──────── Source data ────────

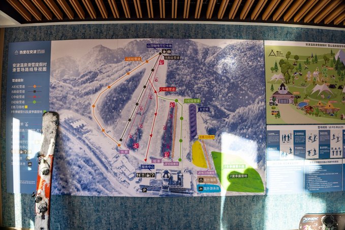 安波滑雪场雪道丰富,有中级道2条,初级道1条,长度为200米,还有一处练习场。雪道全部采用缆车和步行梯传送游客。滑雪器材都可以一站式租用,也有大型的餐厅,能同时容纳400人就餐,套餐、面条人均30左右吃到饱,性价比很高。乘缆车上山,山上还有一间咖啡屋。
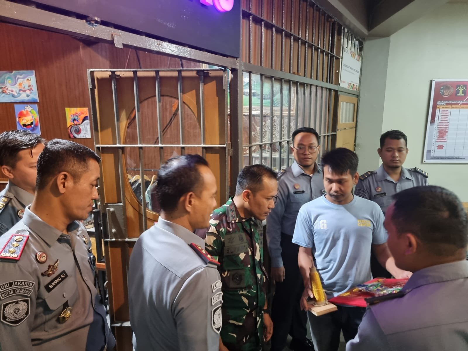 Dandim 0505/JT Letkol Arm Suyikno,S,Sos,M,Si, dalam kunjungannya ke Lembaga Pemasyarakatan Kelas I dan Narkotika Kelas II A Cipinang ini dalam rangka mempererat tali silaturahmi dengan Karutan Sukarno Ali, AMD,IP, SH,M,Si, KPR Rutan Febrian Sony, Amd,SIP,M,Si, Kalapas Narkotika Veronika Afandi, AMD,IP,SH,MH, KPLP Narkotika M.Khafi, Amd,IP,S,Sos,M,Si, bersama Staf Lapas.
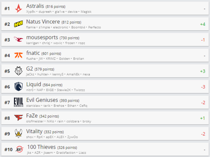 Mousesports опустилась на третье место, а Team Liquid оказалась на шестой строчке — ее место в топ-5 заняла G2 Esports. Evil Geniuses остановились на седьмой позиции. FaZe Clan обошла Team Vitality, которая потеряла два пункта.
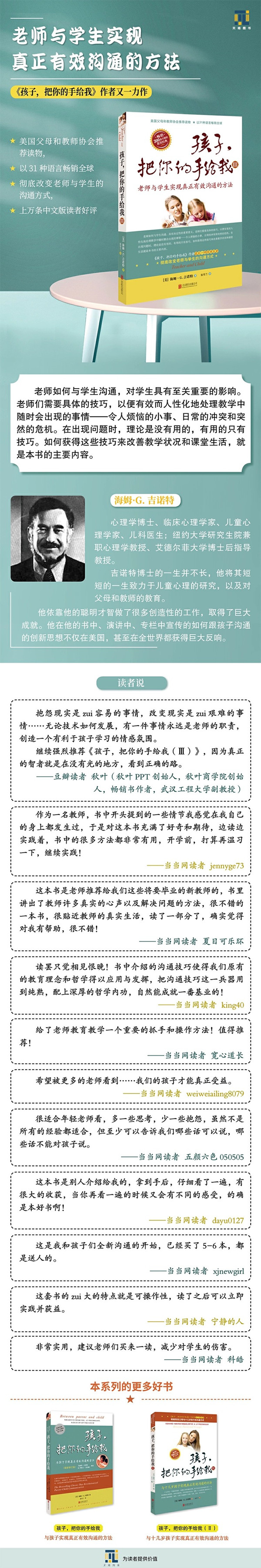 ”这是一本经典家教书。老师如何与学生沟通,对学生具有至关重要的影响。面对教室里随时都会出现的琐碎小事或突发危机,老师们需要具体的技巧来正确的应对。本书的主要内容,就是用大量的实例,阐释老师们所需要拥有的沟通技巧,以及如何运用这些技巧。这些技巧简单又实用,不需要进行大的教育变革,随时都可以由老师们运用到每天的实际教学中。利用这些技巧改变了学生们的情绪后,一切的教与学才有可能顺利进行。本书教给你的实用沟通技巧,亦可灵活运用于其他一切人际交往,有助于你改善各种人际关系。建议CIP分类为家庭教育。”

────────

[What is needed] Restate, line by line and word for word, everything from the top of the material through the line that contains "Mousesports опустилась на". Leave pictures out.

[Solution to the exercise]
 安波滑雪场雪道丰富,有中级道2条,初级道1条,长度为200米,还有一处练习场。雪道全部采用缆车和步行梯传送游客。滑雪器材都可以一站式租用,也有大型的餐厅,能同时容纳400人就餐,套餐、面条人均30左右吃到饱,性价比很高。乘缆车上山,山上还有一间咖啡屋。
 Dandim 0505/JT Letkol Arm Suyikno,S,Sos,M,Si, dalam kunjungannya ke Lembaga Pemasyarakatan Kelas I dan Narkotika Kelas II A Cipinang ini dalam rangka mempererat tali silaturahmi dengan Karutan Sukarno Ali, AMD,IP, SH,M,Si, KPR Rutan Febrian Sony, Amd,SIP,M,Si, Kalapas Narkotika Veronika Afandi, AMD,IP,SH,MH, KPLP Narkotika M.Khafi, Amd,IP,S,Sos,M,Si, bersama Staf Lapas.
 Mousesports опустилась на третье место, а Team Liquid оказалась на шестой строчке — ее место в топ-5 заняла G2 Esports. Evil Geniuses остановились на седьмой позиции. FaZe Clan обошла Team Vitality, которая потеряла два пункта.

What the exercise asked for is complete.